Group differences in relative regional gray matter (GM) volume between the autism spectrum disorder (ASD) and typically developing control (TDC) groups, stratified by children, adolescents (not shown), and adults (model 3). (A) Children with ASD had smaller GM volumes in the post-central gyrus and parieto-occipital junction and larger volumes in the limbic region, compared to TDC children; (B) in adult subgroup, there were larger volumes in the bilateral cuneus, bilateral dorsal medial prefrontal cortex/anterior prefrontal cortex (dmPFC/aPFC) in the ASD group relative to the TDC group.

Second, in the adolescent subgroup, there were no significant group differences in relative regional GM volume, regardless of whether full-scale IQ effects were controlled for. However, in the statistical model controlling for IQ, adolescences with ASD had greater relative regional WM volumes in the right anterior corona radiata (Table 3).

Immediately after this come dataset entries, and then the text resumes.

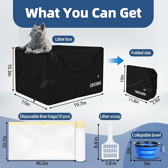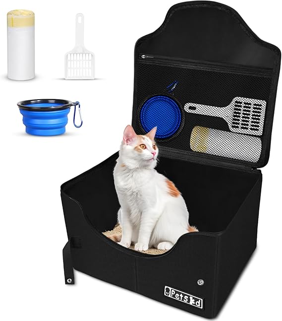 Petskd Portable Travel Litter Box for Cats with Lid and 10 pcs Liner Bags, Light Weight, Leak-Proof and Higher Sides for Road Trips, Hotel Stays, Car Travel(Black)
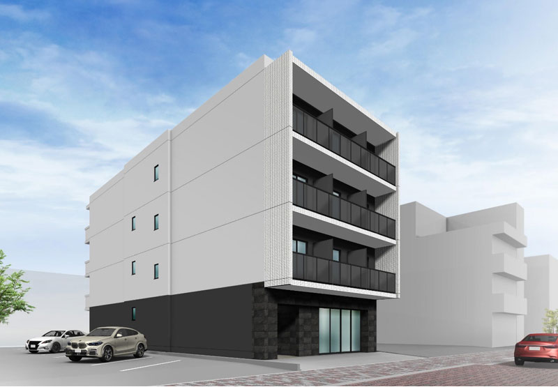 | ※令和5年6月完成予定 1K×12戸、1LDK×6戸、テナント×1戸 敷地内駐車場8台 |
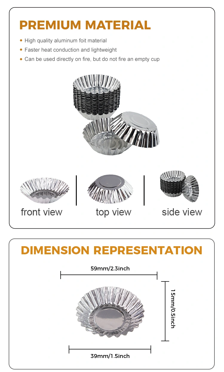Yunchu – tarte aux œufs en aluminium, cuisson de toasts, récipient alimentaire en papier d'aluminium argenté, produit en gros conçu pour les tartes aux œufs et autres desserts. Il est fait de papier d'aluminium de qualité alimentaire, sûr et non toxique, et possède une bonne conductivité thermique, garantissant que les aliments sont chauffés uniformément et ont un meilleur goût pendant le processus de cuisson. Ce plateau à tarte aux œufs est polyvalent et convient à diverses occasions telles que les réunions de famille, les événements professionnels, etc. Facile à retirer le moule à haute température lors de l'utilisation, une fois le produit fini terminé, facile à retirer le film, fond antiadhésif, n'endommage pas la forme, épaissit et durcit le matériau qui n'est pas facile à déformer, bonne résistance à la pression, dites adieu aux problèmes de lavage du pot et protégez facilement le pot, isolez les taches d'huile sans nettoyage après utilisation, le fond lisse n'est pas facile à brûlent et collent au fond, les aliments antiadhésifs sont faciles à cuisiner, le fond est lisse, peut résister à -20 °C ~ 300 °C, peut être chauffé sur une flamme nue et le moule est chauffé uniformément.
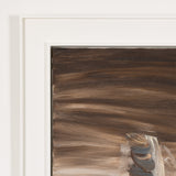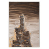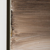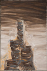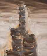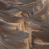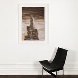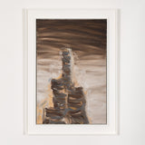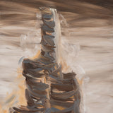 This painting is both intriguing and haunting, a true paradigm from her oeuvre. Rendered in shades of taupe, chocolate, chestnut and elephant grey with accents of tangerine, the painting depicts a soaring, evocative, hallucinatory construction. Evocative of a ribcage, the tower soars through a shroud of clouds. In "Tower/Bones," Diamond offers her viewers a dizzying architectural limb emerging from mist, clouds, smog...or memory.

Third, adults with ASD had greater relative regional GM volumes than TDC in the right dorsal mPFC (BA 9/10), left dorsal mPFC (BA10), left lateral frontal cortex (BA10), and right cuneus (BA 18) (Figure 4B, Table 2). In the statistical model without controlling for full-scale IQ, adults with ASD still had greater relative regional GM volumes than TDC in the right dorsal mPFC (BA 10), left lateral frontal cortex (BA10), and right cuneus (BA 18) (Additional file 8: Table S7). No significant group difference in regional WM volume was identified in the adult subgroup no matter controlling for IQ or not.

The subsidiary analyses in the restrained age range participants (with even and rectangular age distributions between the two groups)

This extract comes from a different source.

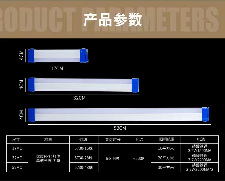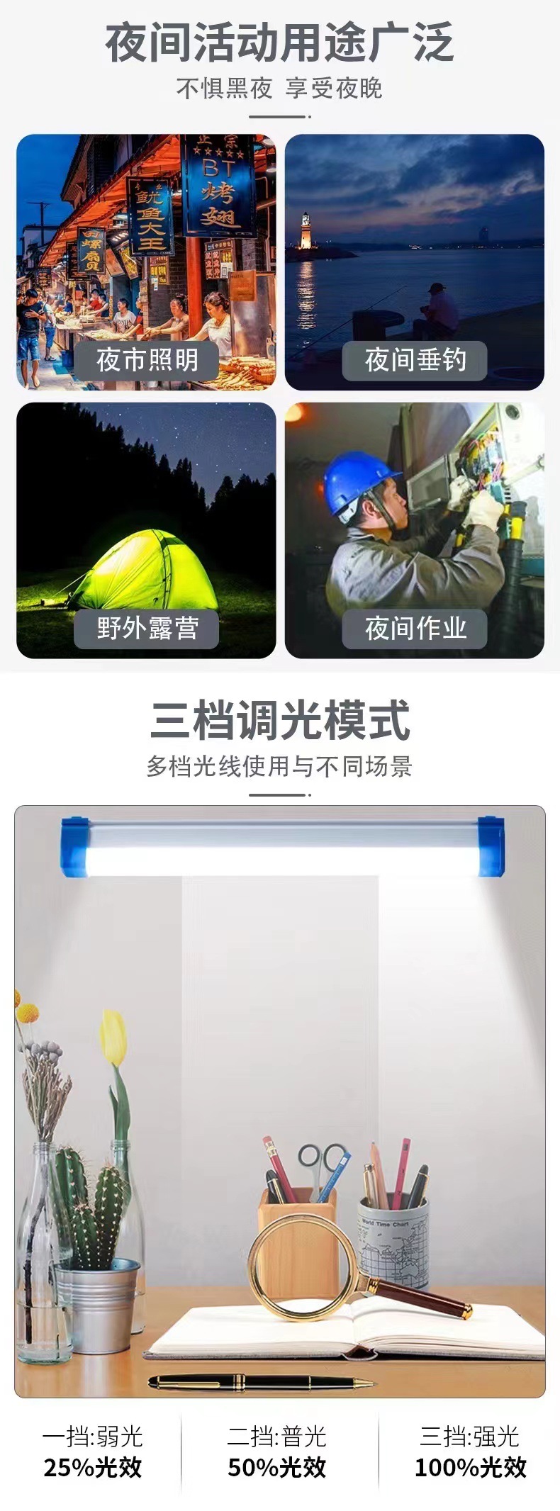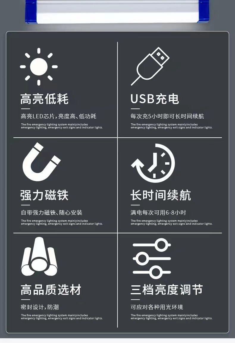 LED 충전식 비상등, 캠핑용 긴 조명등, 자석 부착형 걸이식 비상등, 다기능 조명 작업등

In the subsidiary analyses using participants with restrained age range (10 to 19 years), model 1 identified that regional volume of the lingual gyrus was smaller in ASD relative to TDC, while this main effect of diagnosis was not found in model 2 (considering diagnosis-by-age interaction effects). Model 2 further identified significant diagnosis-by-age interaction effects, that relative GM volume of the bilateral cuneus and left cerebellar tonsil, alongside WM volume of the anterior limb of internal capsule, increased with age in ASD but decreased in TDC, whereas relative GM volume of the right superior temporal gyrus decreased with age in ASD but increased in TDC (Additional file 12: Table S10). Except for the bilateral cuneus clusters, other regions of GM and WM identified in the age-restrained subsidiary analyses, including the main effects of diagnosis and the interaction effects of diagnosis-by-age in model 1 and model 2, did not exactly overlap with those found in the main analyses in the whole sample.

Discussion

In a large sample of males with or without ASD with age spanning 7 to 29 years, we found that statistically identified volumetric group differences altered when the diagnosis-by-age interaction effects were included in the model (by comparing results from model 2 to model 1). Using model 2, age dependency of atypical brain volume was identified in the GM of the bilateral anterior PFC, bilateral cuneus, left cerebellum crus I, and bilateral caudate, alongside the WM of the left forceps minor. Further stratification by age (in model 3) demonstrated substantial age-dependent regional brain volumetric differences between males with and without ASD. These findings were revealed after controlling for individual differences in tissue-specific brain volume, full-scale IQ, and comorbidity status. This three-step modeling approach adds evidence to support our speculation that the heterogeneity in morphometric alterations in ASD in the literature is substantially contributed by age variation in the samples. This suggests the necessity to account for age effects in neuroimaging research for ASD.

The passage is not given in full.